From WormBase documentation:

Script explanation - Juancarlos

The script that gets stuff to tazendra from textpresso is :

 /home/postgres/public_html/cgi-bin/data/ccc_gocuration/get_newset.pl

called by :

 /home/postgres/work/pgpopulation/textpresso/wrapper.sh             

(For the ontology annotator, there have been no new matches since September 13, 2010)

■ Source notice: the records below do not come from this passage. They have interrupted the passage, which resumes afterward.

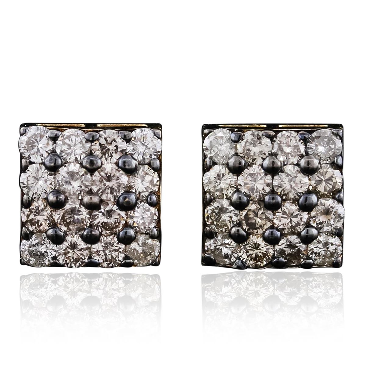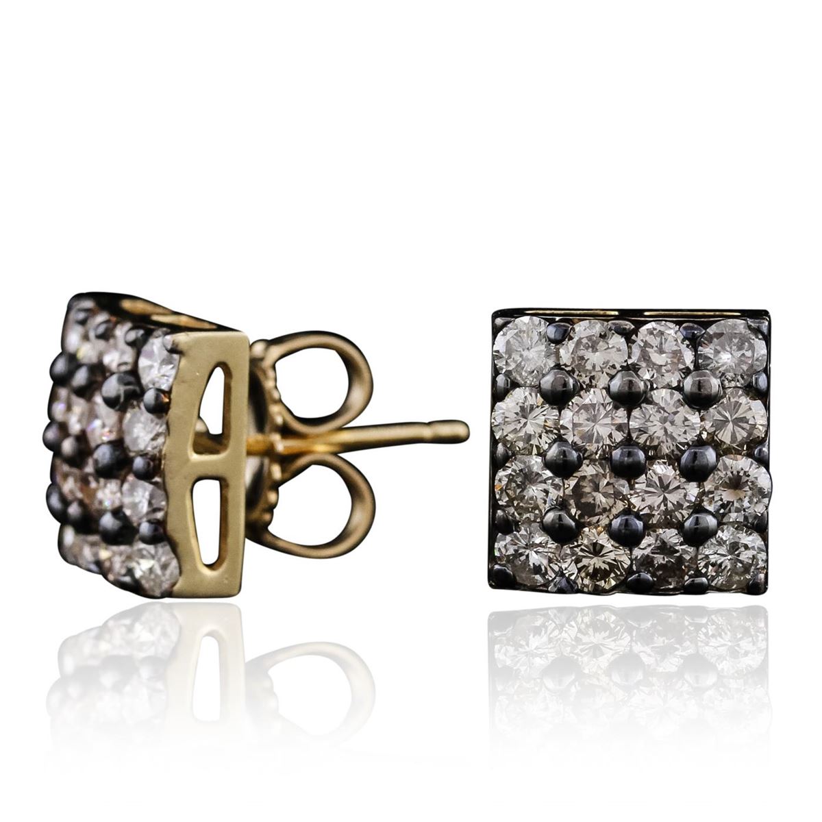 One pair of earrings featuring: 14KT Yellow Gold with a total weight of 3.00 grams, Diamonds with a total weight of 1.57ctw, and (32) rhodium.
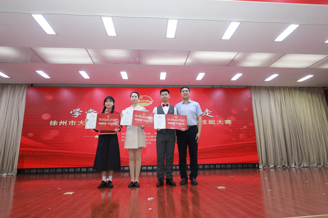 在本次大赛的舞台上,来自全市各在徐高校、市直中职校等21所大中专院校的25名优秀团支书同台竞技。比赛分为高校组和中职组,经过激烈的角逐,最终我校材料工程学院高分子201班团支部团支书马兆杰同学获得高校组特等奖,工商管理学院会计204班团支部团支书李雨露同学获得高校组一等奖,我校获得高校组团体总分一等奖。颁奖典礼上,马兆杰同学代表高校组参赛选手进行了团课现场展示。
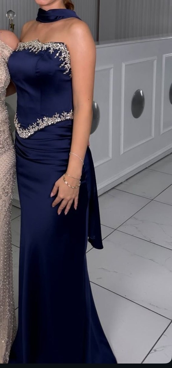 Uzun, straplez, dar kesim lacivert abiye elbise. Parlak kumaş ve zarif işlemelerle süslenmiş, düğün için uygun. Kolsuz ve modern klasik tarzda.
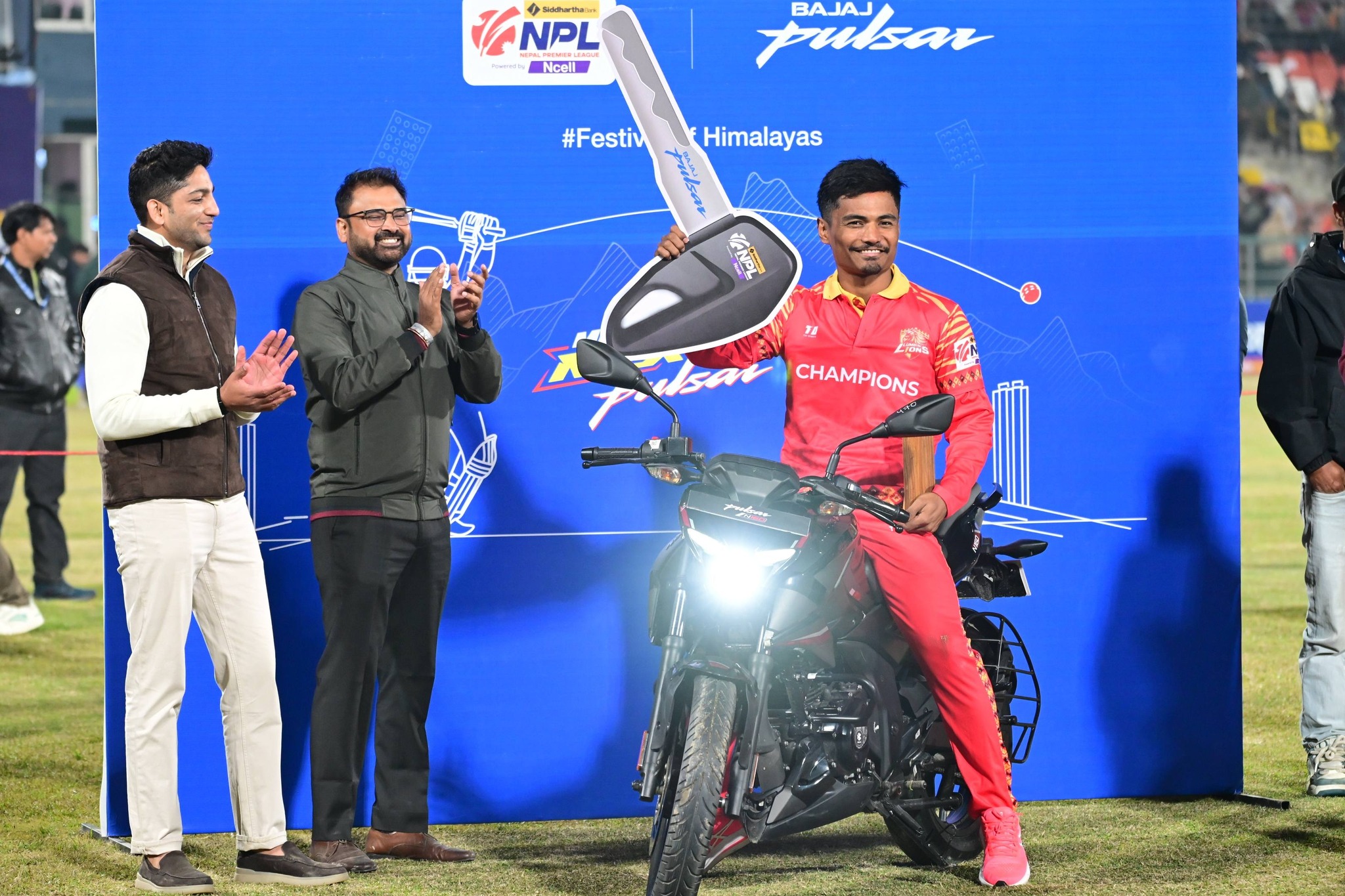काठमाडौं । सिद्धार्थ बैंक नेपाल प्रिमियर लिग (एनपीएल) मा लुम्बिनी लायन्सका कप्तान रोहित पौडेल सर्वोत्कृष्ट नेपाली खेलाडी बनेका छन् । एनपीएलको फाइलनमा लुम्बिनीलाई उपाधि जिताउँदै उनी सर्वोत्कृष्ट नेपाली खेलाडी बनेका हुन् । उनले कार पुरस्कार पाएका छन् । सुदूरपश्चिम रोयल्सविरुद्धको खेलमा रोहित तीन विकेट लिएका थिए ।

The full results are on textpresso-dev at :

 /data2/srv/textpresso-dev.caltech.edu/www/docroot/azurebrd/ccc_datafiles/good_sentences_file.*

The new matches are at :

 /data2/srv/textpresso-dev.caltech.edu/www/docroot/azurebrd/ccc_datafiles/recent_sentences_file.*

The wrapper script /home/azurebrd/work/get_kimberly_go_gene_component_verb_localization/wrapper.pl runs every wednesday at 2am. It compares the svm results from :

 http://caprica.caltech.edu/celegans/svm_results/Juancarlos/otherexpr

to the previous svm results stored in /home/azurebrd/work/get_kimberly_go_gene_component_verb_localization/otherexpr

If the results are the same, nothing happens. If there are new svm results, it runs :

* /home/azurebrd/work/get_kimberly_go_gene_component_verb_localization/get_go_gene_component.pl 

which outputs good results to :

 /data2/srv/textpresso-dev.caltech.edu/www/docroot/azurebrd/ccc_datafiles/good_sentences_file.<date>
* then runs /home/azurebrd/work/get_kimberly_go_gene_component_verb_localization/get_recentsent.pl 

which compares the new good_sentences_file.<date> with the previous good_sentences_file.<date> and outputs a /data2/srv/textpresso-dev.caltech.edu/www/docroot/azurebrd/ccc_datafiles/recent_sentences_file.<date> with the current results that are in the svm list. Also outputs /data2/srv/textpresso-dev.caltech.edu/www/docroot/azurebrd/ccc_datafiles/recent_cccfile which points at the new recent_sentences_file.<date> for the tazendra cronjob to know there's a new file.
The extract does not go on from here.